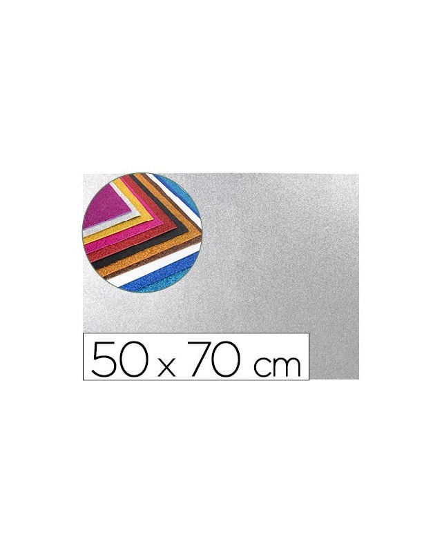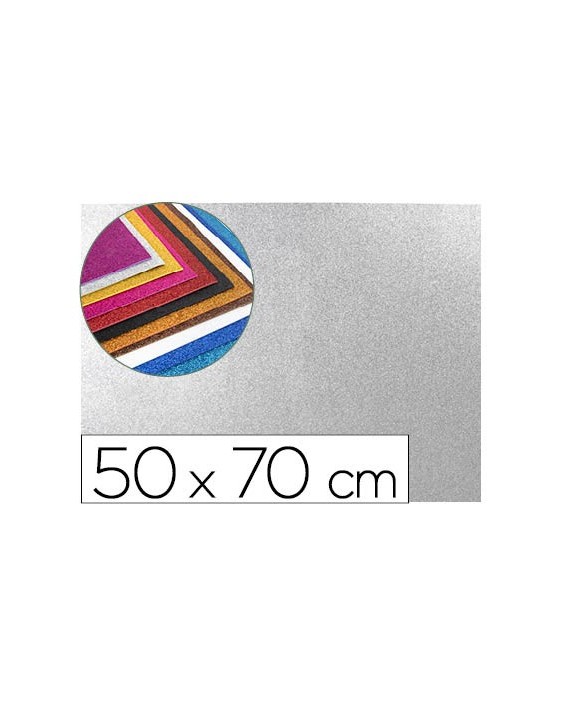 Goma eva con purpurina biodegradable liderpapel 50x70cm 60g/m2 espesor 2 mm plata
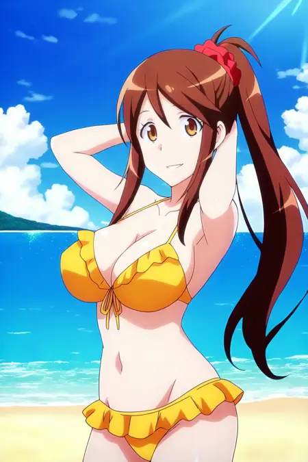 iida nana, 1girl, solo, brown hair, long hair, ponytail, hair scrunchie, red scrunchie, brown eyes, large breasts, bikini, yellow bikini, frilled bikini, front-tie top
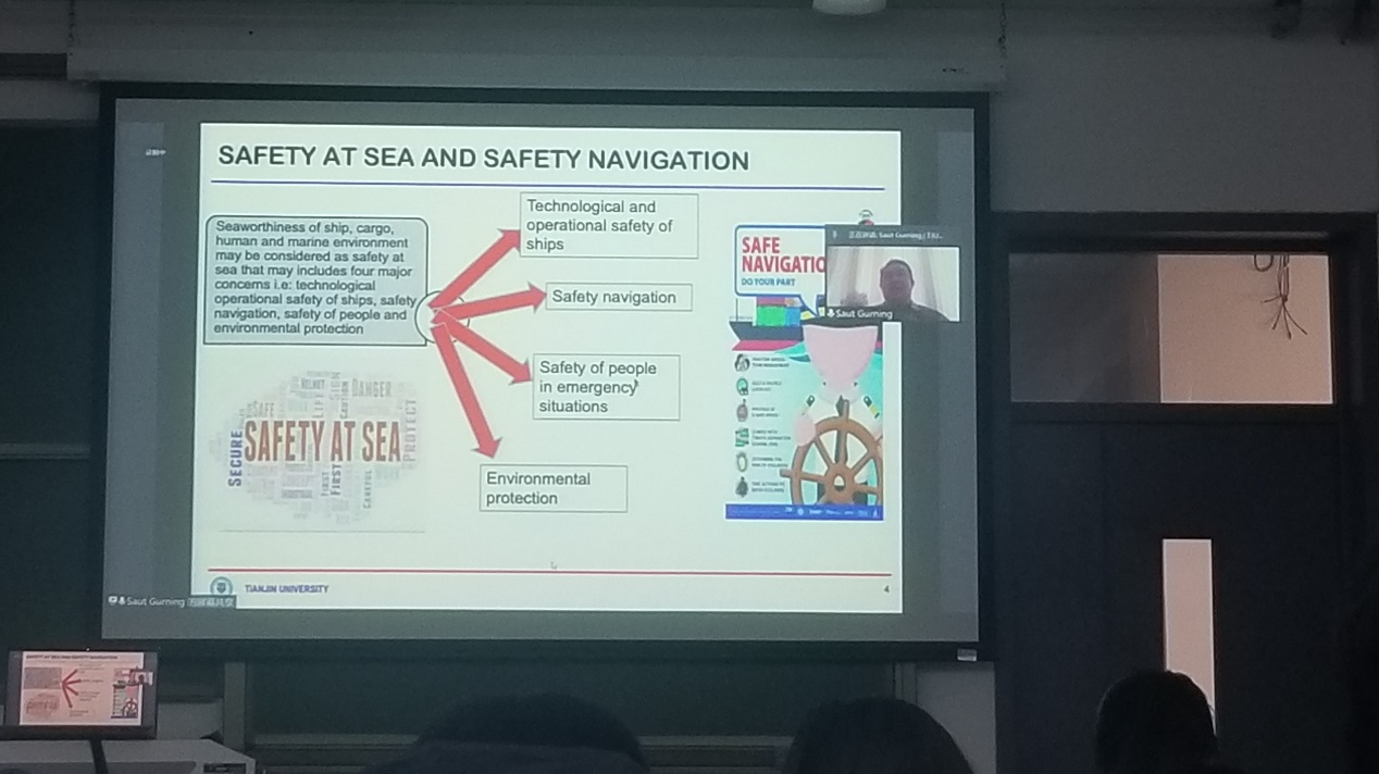 本次讲座旨在增强中国与东盟高校师生之间的学术交流,提升天津大学海洋学院国际影响力。Saut Gurning以航海安全和海上事故分析为主题,从全球海事安全制度、法律体系框架、远程引航的主要问题和岸基引航的安全系数和安全评估,安全评估仪器等方面做出了阐述。Boonsit Yimwadsana讲解了“信号与系统”中使用MATLAB进行傅里叶变换的方法。这些讲座报告有助于推动中国-东盟高校间的涉海学科教育交流和教学合作,参与讲座的学生获益匪浅,提升了国际化视野。
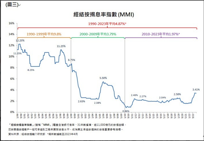 曹德明提到,本次汇丰银行宣布最优惠利率(P)维持不变,相信是根据自身资金状况以及公司策略等因素而作出此决定。而现时市场普遍新造H按计划的封顶息率保持约3.5%,对比经络按揭逾32年的平均按揭息率指数(MMI)4.87%,息率属正常水平(图三)。
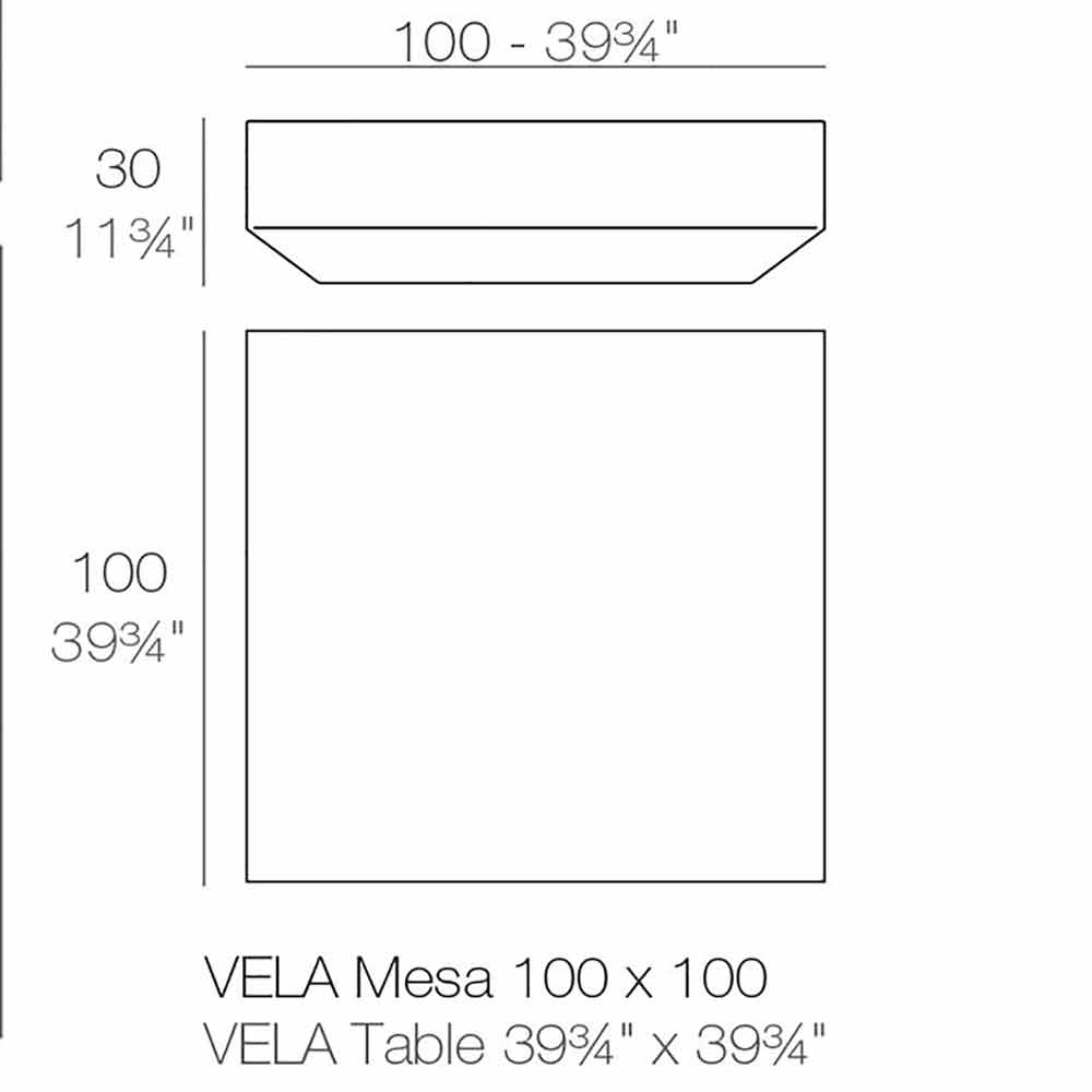 Tavolinë kafeje moderne koleksion Vela nga Vondom, në polietileni Koleksioni Vela u dizenjua nga projektuesi Ramòn Esteve. Ky koleksion i gjerë i mobiljeve në natyrë synon të ofrojë komoditetin dhe cilësinë e mobiljeve të brendshme pa humbur cilësitë e tij origjinale. Vela është një sistem modular me një gjeometri elementare prizmatike që e bazon veçantinë e saj në ekuilibrin e proporcioneve të saj. Tavolina e kafesë ka linja precize dhe të pastra. Materiali i përdorur është polietileni, rezistent ndaj goditjeve dhe rrezeve UV. E disponueshme në ngjyrat e mëposhtme: e bardhë, e zezë, akull, çelik, antracit, taupe, ecrù, bezhë, fëstëk, vjollcë, e kuqe, portokalli, kaki, marinë dhe bronz.
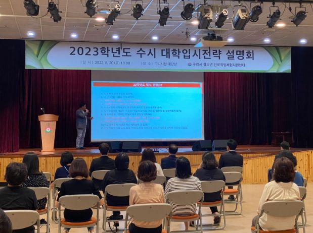[한국기자연대] 구리시는 20일, 구리시청 대강당에서 ‘2023학년도 수시전형 대비 대학입시전략’ 설명회를 개최했다.
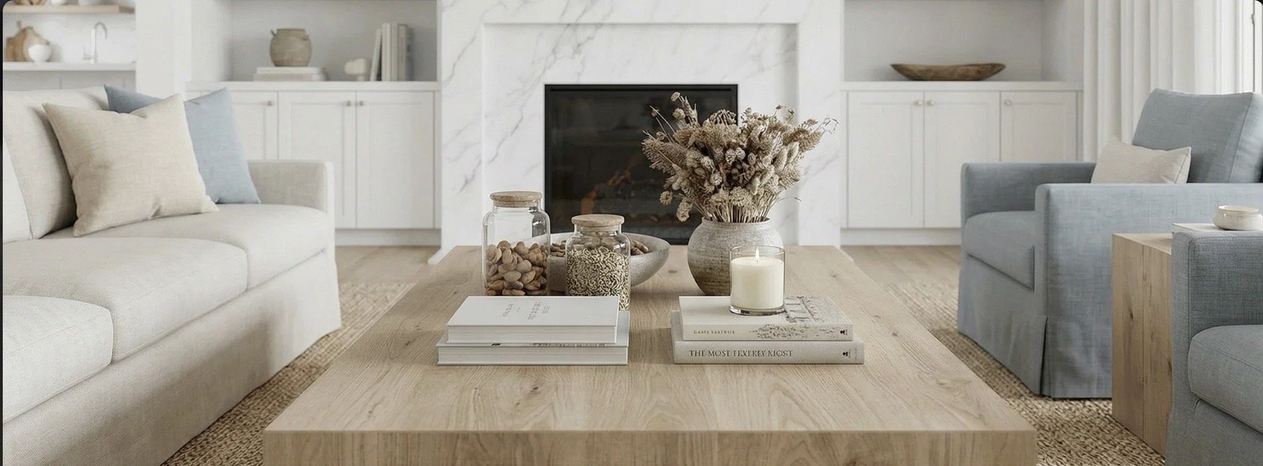 A neutral-toned book with a clean cover adds height and structure to your coffee table styling while blending seamlessly into the palette. I always use these as a base layer for trays, candles, or decorative objects.
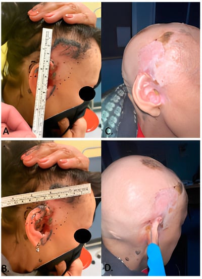 (A,B) patient number 2 photographed before starting treatment with Sonidegib 200 mg daily. (C,D) the same patient after 1 year of therapy. The complete remission of the locally advanced BCC was histologically confirmed, and Sonidegib was discontinued.
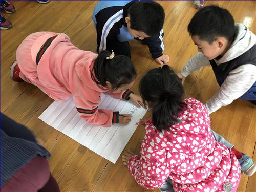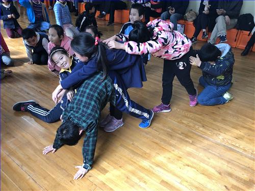活动开始前需要热身游戏暖暖场。不过在游戏开始之前,确立规则最重要:“锣鼓锣鼓响起来,眼睛眼睛看老师”,“你说我听,我说你听”,这也是教育戏剧所强调的和谐关系的前提。孩子们最喜爱的游戏环节开始了:第一个游戏“几个人来了”有意识地锻炼了孩子们的专注能力,孩子们需要细致观察,灵活动脑才能完成得很好,大家都投入到了游戏中去,玩得不亦乐乎,不时传出此起彼伏的笑声;第二个游戏“我喜欢怎样的人做我的朋友”比较轻松,让孩子们集中了精力,教师耐心引导孩子们的语言表达和认真倾听能力;还有“几色花儿开” 分组游戏,不仅能够为学生快速分好组,还锻炼了孩子们的反应能力和团队协作能力。学生在这些暖场游戏中逐渐放松身心,积极性也被调动出来了,为更好地融入活动做了充分的准备。
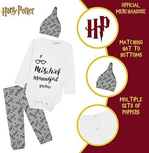Harry Potter Baby Clothes for Girl and Boy 0-18 Months, Newborn Outfit with Long Sleeve Bodysuit, Leggings and Hat, Christmas

** THE PROBLEM **
Repeat each entry exactly as given; no pictures belong in the copy.

** TASK SOLUTION **
 Goma eva con purpurina biodegradable liderpapel 50x70cm 60g/m2 espesor 2 mm plata
 iida nana, 1girl, solo, brown hair, long hair, ponytail, hair scrunchie, red scrunchie, brown eyes, large breasts, bikini, yellow bikini, frilled bikini, front-tie top
 本次讲座旨在增强中国与东盟高校师生之间的学术交流,提升天津大学海洋学院国际影响力。Saut Gurning以航海安全和海上事故分析为主题,从全球海事安全制度、法律体系框架、远程引航的主要问题和岸基引航的安全系数和安全评估,安全评估仪器等方面做出了阐述。Boonsit Yimwadsana讲解了“信号与系统”中使用MATLAB进行傅里叶变换的方法。这些讲座报告有助于推动中国-东盟高校间的涉海学科教育交流和教学合作,参与讲座的学生获益匪浅,提升了国际化视野。
 曹德明提到,本次汇丰银行宣布最优惠利率(P)维持不变,相信是根据自身资金状况以及公司策略等因素而作出此决定。而现时市场普遍新造H按计划的封顶息率保持约3.5%,对比经络按揭逾32年的平均按揭息率指数(MMI)4.87%,息率属正常水平(图三)。
 Tavolinë kafeje moderne koleksion Vela nga Vondom, në polietileni Koleksioni Vela u dizenjua nga projektuesi Ramòn Esteve. Ky koleksion i gjerë i mobiljeve në natyrë synon të ofrojë komoditetin dhe cilësinë e mobiljeve të brendshme pa humbur cilësitë e tij origjinale. Vela është një sistem modular me një gjeometri elementare prizmatike që e bazon veçantinë e saj në ekuilibrin e proporcioneve të saj. Tavolina e kafesë ka linja precize dhe të pastra. Materiali i përdorur është polietileni, rezistent ndaj goditjeve dhe rrezeve UV. E disponueshme në ngjyrat e mëposhtme: e bardhë, e zezë, akull, çelik, antracit, taupe, ecrù, bezhë, fëstëk, vjollcë, e kuqe, portokalli, kaki, marinë dhe bronz.
[한국기자연대] 구리시는 20일, 구리시청 대강당에서 ‘2023학년도 수시전형 대비 대학입시전략’ 설명회를 개최했다.
 A neutral-toned book with a clean cover adds height and structure to your coffee table styling while blending seamlessly into the palette. I always use these as a base layer for trays, candles, or decorative objects.
 (A,B) patient number 2 photographed before starting treatment with Sonidegib 200 mg daily. (C,D) the same patient after 1 year of therapy. The complete remission of the locally advanced BCC was histologically confirmed, and Sonidegib was discontinued.
活动开始前需要热身游戏暖暖场。不过在游戏开始之前,确立规则最重要:“锣鼓锣鼓响起来,眼睛眼睛看老师”,“你说我听,我说你听”,这也是教育戏剧所强调的和谐关系的前提。孩子们最喜爱的游戏环节开始了:第一个游戏“几个人来了”有意识地锻炼了孩子们的专注能力,孩子们需要细致观察,灵活动脑才能完成得很好,大家都投入到了游戏中去,玩得不亦乐乎,不时传出此起彼伏的笑声;第二个游戏“我喜欢怎样的人做我的朋友”比较轻松,让孩子们集中了精力,教师耐心引导孩子们的语言表达和认真倾听能力;还有“几色花儿开” 分组游戏,不仅能够为学生快速分好组,还锻炼了孩子们的反应能力和团队协作能力。学生在这些暖场游戏中逐渐放松身心,积极性也被调动出来了,为更好地融入活动做了充分的准备。
Harry Potter Baby Clothes for Girl and Boy 0-18 Months, Newborn Outfit with Long Sleeve Bodysuit, Leggings and Hat, Christmas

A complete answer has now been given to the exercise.